Task input below:

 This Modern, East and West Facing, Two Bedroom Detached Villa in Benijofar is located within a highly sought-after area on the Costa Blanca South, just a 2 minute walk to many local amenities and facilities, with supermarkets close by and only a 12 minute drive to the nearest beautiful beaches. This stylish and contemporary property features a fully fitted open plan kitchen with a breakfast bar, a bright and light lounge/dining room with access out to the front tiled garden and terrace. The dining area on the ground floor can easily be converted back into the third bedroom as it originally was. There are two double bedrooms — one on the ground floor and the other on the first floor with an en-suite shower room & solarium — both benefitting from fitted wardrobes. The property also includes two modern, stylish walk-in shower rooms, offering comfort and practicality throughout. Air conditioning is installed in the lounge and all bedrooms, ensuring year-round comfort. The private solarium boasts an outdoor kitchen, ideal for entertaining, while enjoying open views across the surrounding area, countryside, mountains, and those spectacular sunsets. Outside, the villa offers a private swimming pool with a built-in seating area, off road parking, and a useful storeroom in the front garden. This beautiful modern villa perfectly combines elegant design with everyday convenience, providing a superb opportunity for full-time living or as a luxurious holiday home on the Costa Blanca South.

End of Task input.
Task input below:

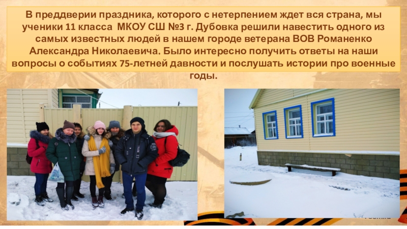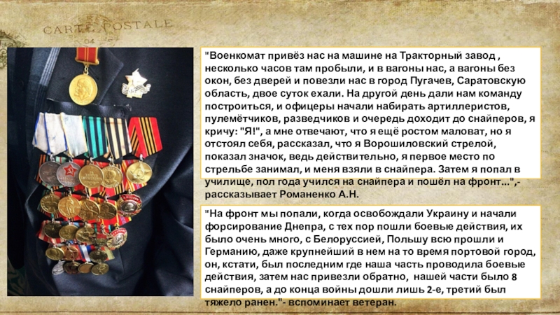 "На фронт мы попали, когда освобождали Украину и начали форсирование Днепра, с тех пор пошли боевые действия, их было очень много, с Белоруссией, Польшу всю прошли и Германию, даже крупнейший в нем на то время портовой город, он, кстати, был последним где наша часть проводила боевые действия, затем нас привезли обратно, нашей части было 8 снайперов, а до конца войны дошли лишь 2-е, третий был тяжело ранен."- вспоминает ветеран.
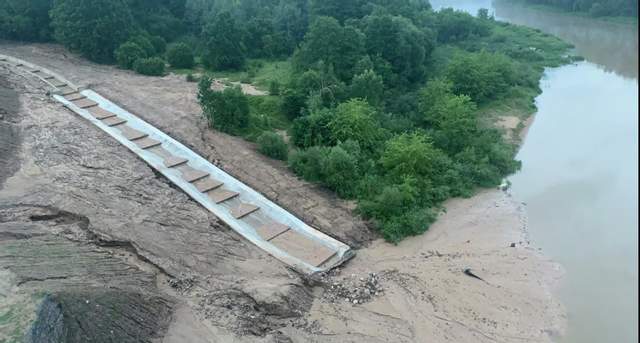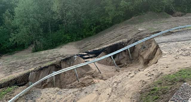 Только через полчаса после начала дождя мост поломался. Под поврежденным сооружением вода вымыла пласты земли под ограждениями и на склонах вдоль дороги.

End of Task input.
Task input below:

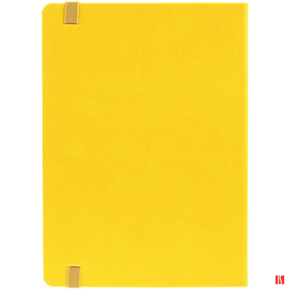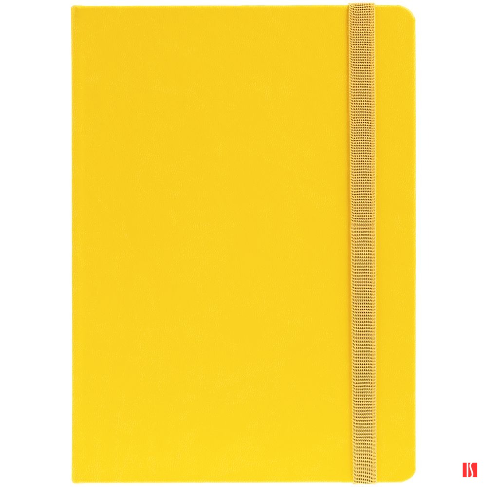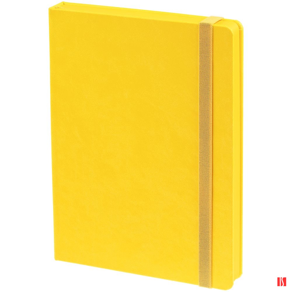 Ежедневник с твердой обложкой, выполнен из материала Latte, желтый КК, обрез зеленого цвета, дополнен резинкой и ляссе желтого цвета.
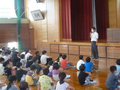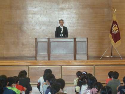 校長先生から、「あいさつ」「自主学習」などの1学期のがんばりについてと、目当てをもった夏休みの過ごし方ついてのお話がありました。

End of Task input.

◆ Requirement: Using the data above, output the line that has "мы попали, когда", the line that has "Только через полчаса", and whatever lines fall between, each exactly as it stands and without pictures.

◆ Answer:
 "На фронт мы попали, когда освобождали Украину и начали форсирование Днепра, с тех пор пошли боевые действия, их было очень много, с Белоруссией, Польшу всю прошли и Германию, даже крупнейший в нем на то время портовой город, он, кстати, был последним где наша часть проводила боевые действия, затем нас привезли обратно, нашей части было 8 снайперов, а до конца войны дошли лишь 2-е, третий был тяжело ранен."- вспоминает ветеран.
 Только через полчаса после начала дождя мост поломался. Под поврежденным сооружением вода вымыла пласты земли под ограждениями и на склонах вдоль дороги.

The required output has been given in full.